• _Problem description_: Reproduce nothing beyond the line containing "7. Zobaczysz na". From the first line of the data below down to it, copy each line exactly, without the pictures.

• _Data excerpts_:
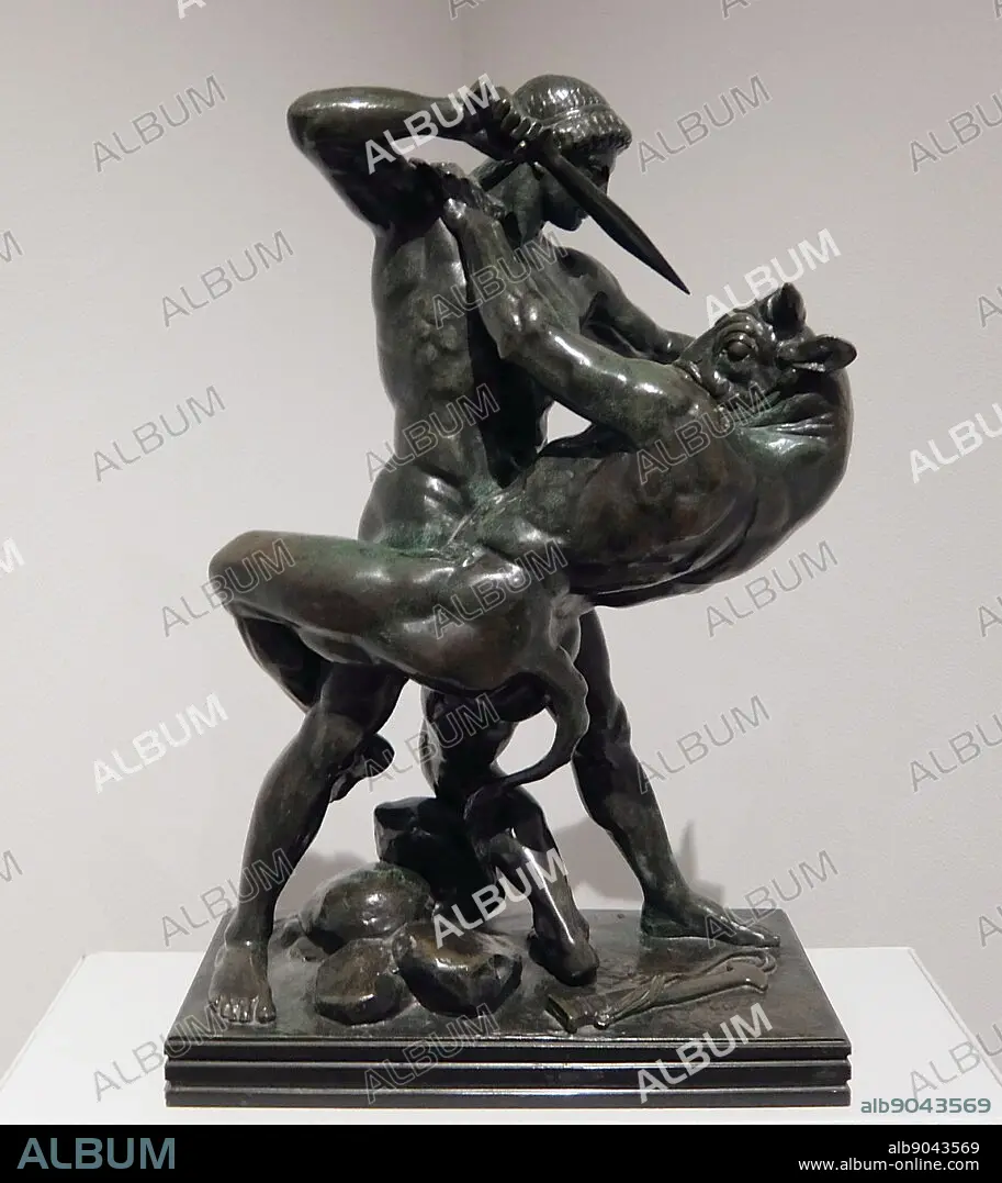 Caption: Bronze sculpture titled 'Theseus Slaying the Minotaur' by Antoine-Louis Barye. Antoine-Louis Barye (1795-1875) a Romantic French sculptor.
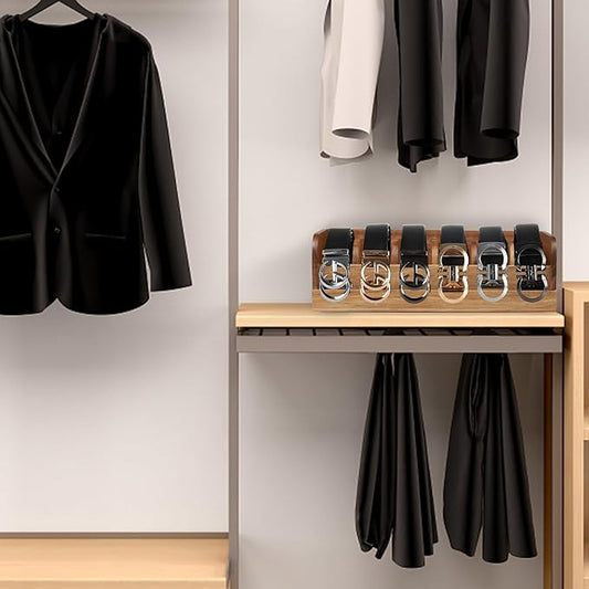 GTI Belt Organizer, 7 Compartments Belt Organizer for Closet and Drawer, Bamboo Display Case for Tie and Belt, Belt Storage Organizer for Men Women (Wooden)
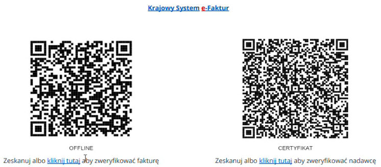 7. Zobaczysz na samym końcu formularza faktury ustrukturyzowanej 2 kody QR, gdy faktura zostanie przyjęta przez KSeF.
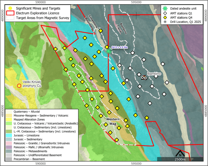 Electrum continues to advance exploration at its Timok East Project, located within the Western Tethyan Belt and adjacent to several world-class porphyry Cu-Au deposits. Exploration to date has identified multiple geophysical and geochemical anomalous zones, including the Western Mag, Bambino, and Limestone Contact targets.
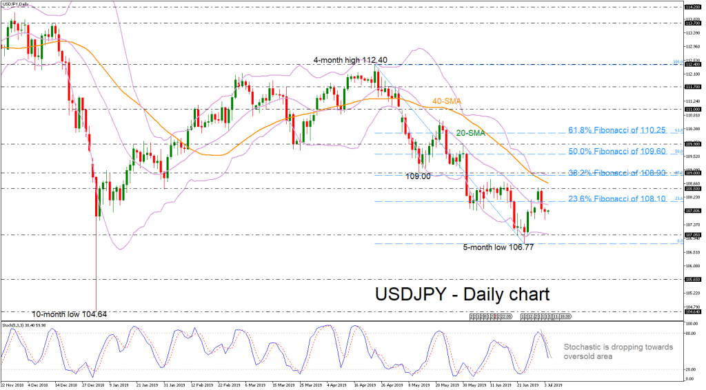 USDJPY held in losses over the previous couple of days, dropping back below the 23.6% Fibonacci retracement level of the downfall from 112.40 to 106.77 near 108.10 and the 20-day simple moving average (SMA). The negative bias in the near term is supported by the deterioration in the stochastic oscillator. The %K line of the stochastic is falling sharply towards oversold levels and posted a bearish crossover with the %D line.
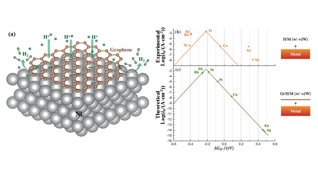 (a) 石墨烯加强镍表面催化析氢反应示意图;(b) 范德瓦耳斯力修正的不同金属表面的析氢催化活性的火山型曲线;(c) 理论预言的石墨烯覆盖后不同金属表面的析氢催化活性的火山型曲线。
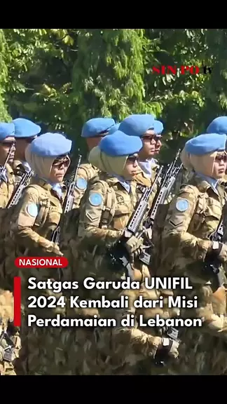 Sebanyak 1.087 prajurit TNI dari Satgas Kontingen Garuda yang bertugas dalam misi perdamaian PBB di Lebanon Selatan resmi disematkan sebagai pahlawan perdamaian setelah menyelesaikan tugasnya selama satu tahun. Kapuspen TNI, Brigjen TNI Kristomei Sianturi, menyatakan bahwa penyambutan Satgas Kontingen Garuda UNIFIL merupakan bentuk penghargaan langsung dari Panglima TNI atas dedikasi dan keberhasilan prajurit menjaga perdamaian di kancah internasional. #TNI #UNIFIL #PBB #satgas #misiperdamaian
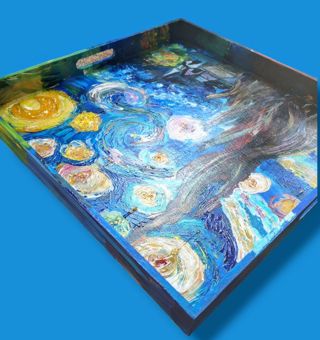 Beautifully Hand-painted Colorful Starry Seder plate.
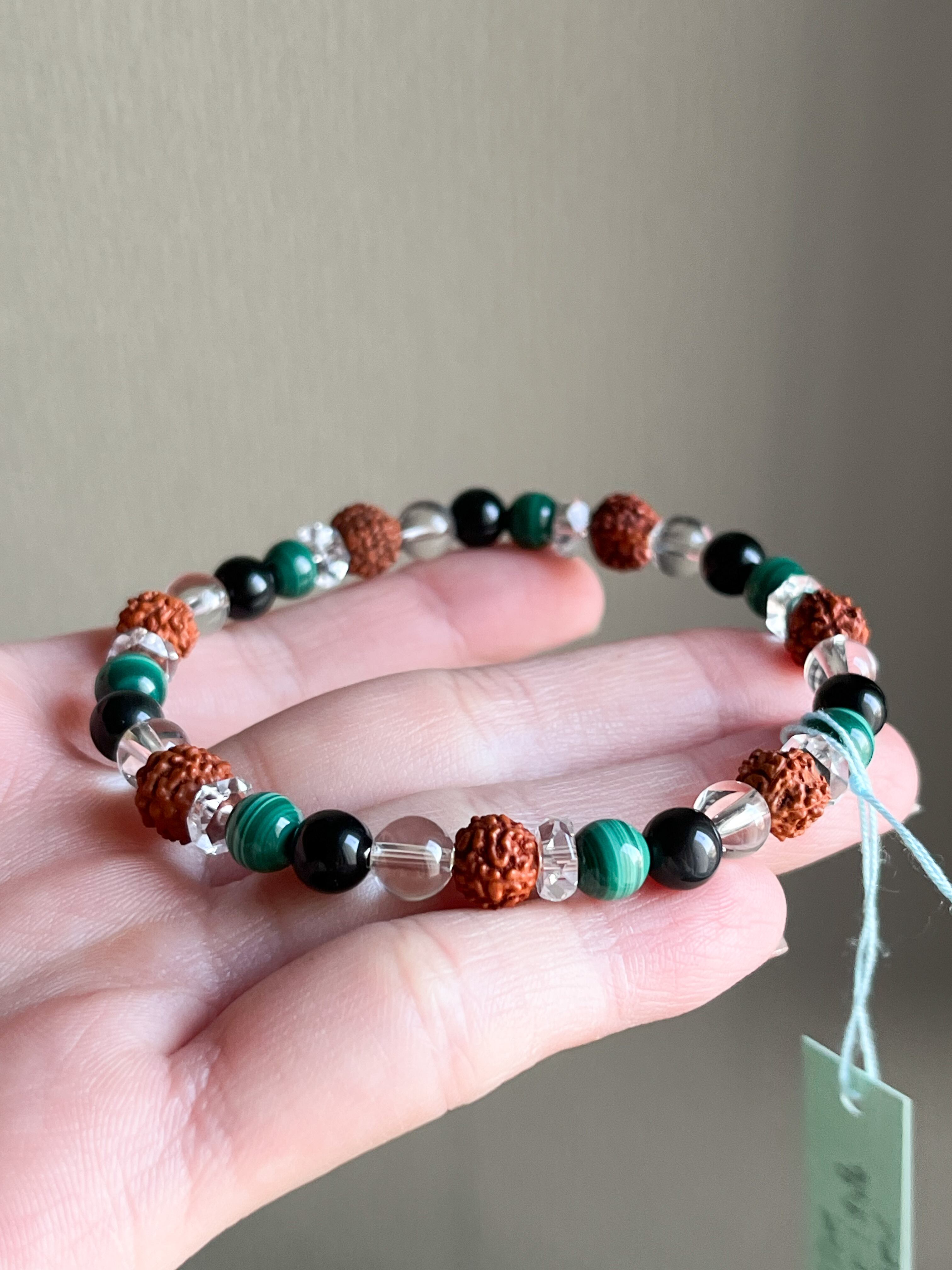ルドラクシャはインドで瞑想の時や魔除けの道具として使われてきた伝統的なものです。マラカイトとオブシディアンとの組み合わせで魔除けの力をさらにアップ。マラカイトは解毒や浄化、睡眠の質を向上させるなどの役目を果たすと言われています。疲れやすい人や憑やすい人にもおすすめのブレスレットです。
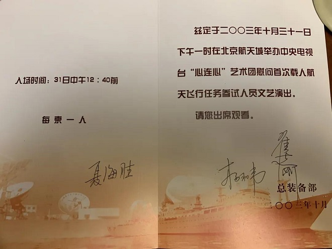 圖為吳溪淳當年的請柬、與航天員的合照(吳溪淳提供)
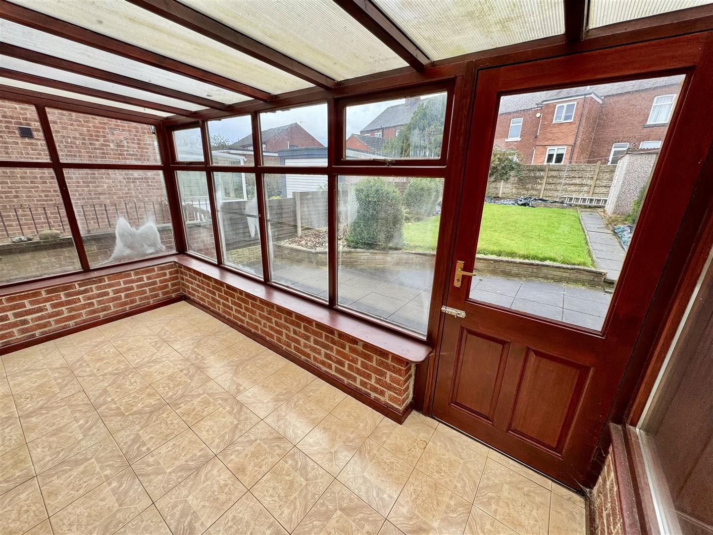 Very light room having timber frame double glazed windows set on a solid brick base and overlooking the garden. There is a tiled floor and a wall light with patio doors leading to the lounge diner and an external door taking you to the garden.
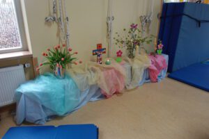 Ein Highlight war unser gemeinsamer Morgenkreis, zu dem wir einen besonderen Gast begrüßen durften: Pastor Kotterba von der Trinitatisgemeinde besuchte uns und erzählte den Kindern auf anschauliche und kindgerechte Weise die Ostergeschichte. Dabei wurde schnell deutlich, dass viele Kinder bereits ein erstaunlich großes Wissen über die Bedeutung von Ostern mitbrachten. Mit viel Interesse und Neugier beteiligten sie sich am Gespräch, stellten Fragen und teilten ihre eigenen Gedanken.
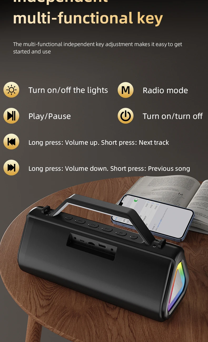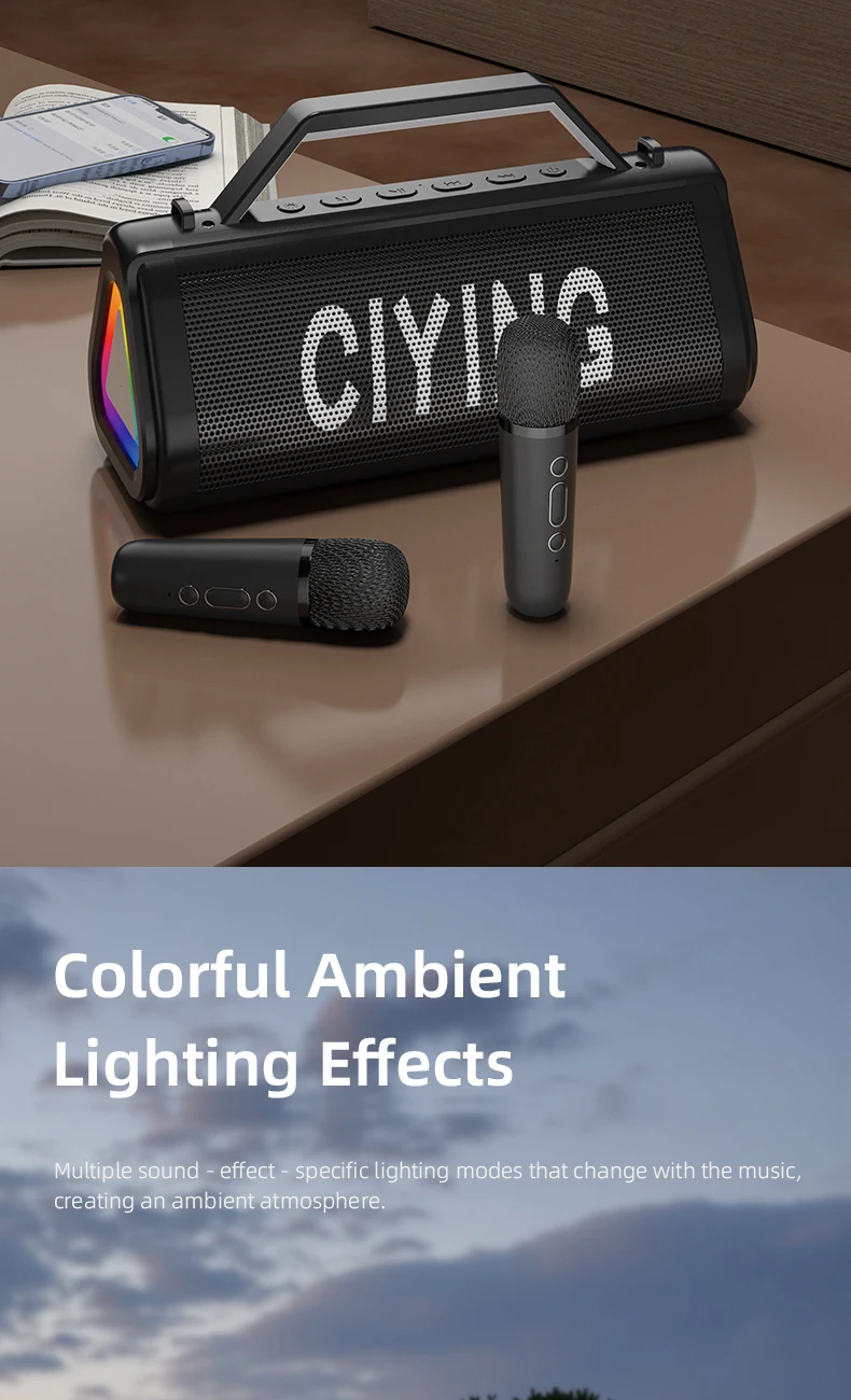 (3)Dazzling Light Show: The karaoke speaker player features vibrant LED lights that synchronize with the rhythm of your music, creating an exciting atmosphere that elevates your singing experience. Perfect for parties, gatherings, or just a fun night with family and friends, the light show adds a festive touch that will surely impress your guests and keep the energy high all night long.
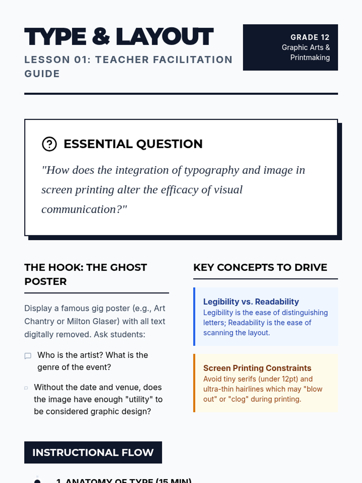 A comprehensive 8th-grade unit bridging traditional printmaking concepts with modern digital graphic design. Students explore typography anatomy, vector illustration, grid-based layouts, and digital color theory to create professional-quality visual communications.
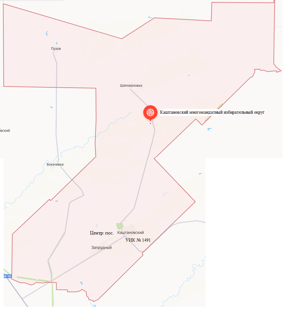 Границы округа: пос. Каштановский, пос. Запрудный, пос. Шаповаловка, пос. Пухов
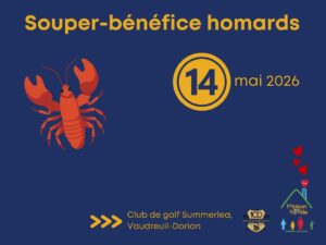 Notre souper-bénéfice homards sera de retour le jeudi 14 mai 2026 à 18h au club de golf Le Summerlea.
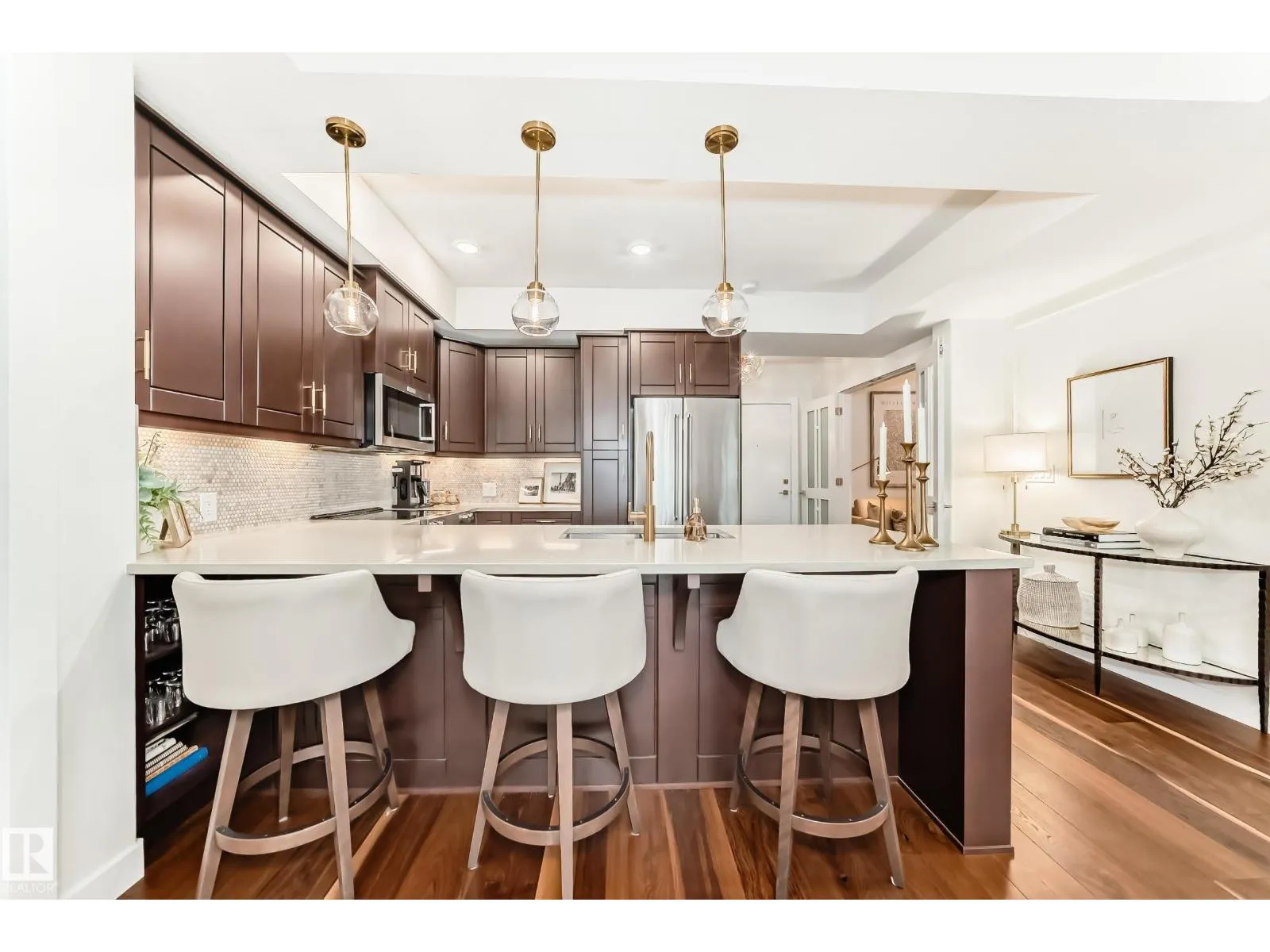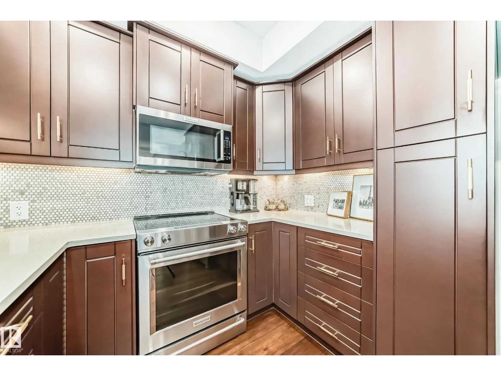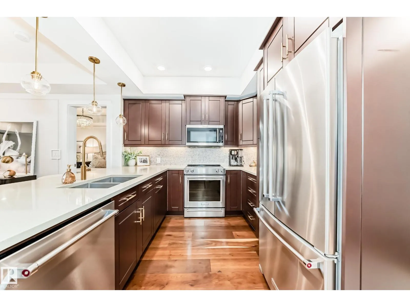 Welcome to Savona at Centre in the Park â Sherwood Parkâs premier urban address. This exceptional 2-bedroom + den, 2-bath residence offers the perfect combination of luxury, comfort, and convenience. Enjoy bright, open-concept living with 9-ft ceilings and expansive windows that flood the home with natural light. The chef-inspired kitchen features quartz countertops, sleek cabinetry, and stainless steel appliances, flowing seamlessly into a spacious living area and private balcony. The primary suite includes a walk-through closet and spa-like ensuite, while the second bedroom, den, and full bath provide flexibility for guests or a home office. Additional highlights include in-suite laundry, central A/C, and heated underground parking with storage. Steps from Festival Place, Broadmoor Lake, shops, and restaurants â Savona offers refined living in the heart of Sherwood Park. (id:27476)

• _Exercise output_:
 Caption: Bronze sculpture titled 'Theseus Slaying the Minotaur' by Antoine-Louis Barye. Antoine-Louis Barye (1795-1875) a Romantic French sculptor.
 GTI Belt Organizer, 7 Compartments Belt Organizer for Closet and Drawer, Bamboo Display Case for Tie and Belt, Belt Storage Organizer for Men Women (Wooden)
 7. Zobaczysz na samym końcu formularza faktury ustrukturyzowanej 2 kody QR, gdy faktura zostanie przyjęta przez KSeF.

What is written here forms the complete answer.